19 In the present case, there is no dispute as to Directive 89/463 being of general application, save as regards Article 2(2), and the directive does indeed concern all scheduled inter-regional air services in the Community and it modifies the system for the authorization of such services by the Member States.
20 The provision under challenge suspends the application of that new system to services to or from Gibraltar until the arrangements in the Joint Declaration made by the Foreign Ministers of the Kingdom of Spain and the United Kingdom on 2 December 1987 come into operation. It thus affects equally all air carriers wishing to operate a direct inter-regional air service between another Community airport and Gibraltar airport and, more generally, all those using the latter airport. It therefore applies to objectively defined situations.
21 Furthermore, it should be noted that Gibraltar airport is not the only airport to have been temporarily excluded from the territorial scope of the directive. Other airports (those in the Greek islands and in the Atlantic islands comprising the autonomous region of the Azores, as well as Oporto airport) have already been temporarily exempted from its application, by virtue of Directive 83/416 of 25 July 1983 and Directive 86/216 of 26 May 1986, cited above, for technical or economic reasons, such as the insufficiency of air traffic or the continuing development of the airport infrastructure.
22 Directive 89/463 justifies the suspension of its application to Gibraltar airport by reference to the agreement in the Joint Declaration made by the Foreign Ministers of the Kingdom of Spain and the United Kingdom on 2 December 1987. This constitutes a finding that there is an obstacle of an objective nature to implementation of the directive, having regard to its aims. In view of the differences between the Kingdom of Spain and the United Kingdom, discussed at length by the applicant itself, concerning sovereignty over the territory on which Gibraltar airport is situated and the operational problems resulting from those differences, the development of air services between that airport and the other airports within the Community is conditional on the implementation of the cooperation arrangements agreed between those two States.

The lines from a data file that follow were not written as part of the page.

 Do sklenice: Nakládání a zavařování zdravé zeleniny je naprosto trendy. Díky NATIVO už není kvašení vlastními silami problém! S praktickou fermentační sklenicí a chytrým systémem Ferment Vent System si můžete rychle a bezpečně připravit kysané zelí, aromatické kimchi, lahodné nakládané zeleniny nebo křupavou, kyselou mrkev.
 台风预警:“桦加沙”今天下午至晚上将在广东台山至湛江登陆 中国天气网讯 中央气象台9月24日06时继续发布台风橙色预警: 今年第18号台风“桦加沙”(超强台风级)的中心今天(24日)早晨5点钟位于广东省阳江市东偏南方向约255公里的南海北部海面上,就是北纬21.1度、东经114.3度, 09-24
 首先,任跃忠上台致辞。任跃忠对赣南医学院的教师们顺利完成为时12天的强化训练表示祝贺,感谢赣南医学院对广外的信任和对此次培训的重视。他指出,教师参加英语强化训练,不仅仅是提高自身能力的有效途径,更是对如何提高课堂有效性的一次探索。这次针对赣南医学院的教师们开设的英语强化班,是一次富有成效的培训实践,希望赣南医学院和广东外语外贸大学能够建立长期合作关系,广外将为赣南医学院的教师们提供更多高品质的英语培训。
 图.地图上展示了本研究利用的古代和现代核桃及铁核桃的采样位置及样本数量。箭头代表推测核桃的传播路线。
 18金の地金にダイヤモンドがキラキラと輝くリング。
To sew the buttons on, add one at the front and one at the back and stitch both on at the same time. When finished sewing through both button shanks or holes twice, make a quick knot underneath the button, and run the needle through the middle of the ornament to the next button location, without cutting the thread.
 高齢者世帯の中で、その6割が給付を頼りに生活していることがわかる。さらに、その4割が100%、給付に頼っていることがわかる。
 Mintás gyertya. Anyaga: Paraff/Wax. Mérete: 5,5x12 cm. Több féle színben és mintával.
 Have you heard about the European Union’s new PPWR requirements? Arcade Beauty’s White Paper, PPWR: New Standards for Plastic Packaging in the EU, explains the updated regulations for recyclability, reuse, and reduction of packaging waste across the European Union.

23 In those circumstances, Article 2(2) of Directive 89/463 cannot be regarded as constituting a decision within the meaning of the second paragraph of Article 173, but on the contrary is of the same general nature as that directive.
24 It follows that the application is inadmissible and must therefore be dismissed, without there being any need to consider the other submissions made in support of the objection of inadmissibility.
Decision on costs
25 Under Article 69(2) of the Rules of Procedure, the unsuccessful party is to be ordered to pay the costs. Since the Government of Gibraltar has been unsuccessful, it must be ordered to pay the costs. In accordance with the first subparagraph of Article 69(4) of the Rules of Procedure, the Kingdom of Spain, the United Kingdom and the Commission, interveners, are to bear their own costs.
On those grounds,
1. Dismisses the application as inadmissible;
2. Orders the applicant to pay the costs;
3. Orders the Kingdom of Spain, the United Kingdom and the Commission, interveners, to pay their own costs.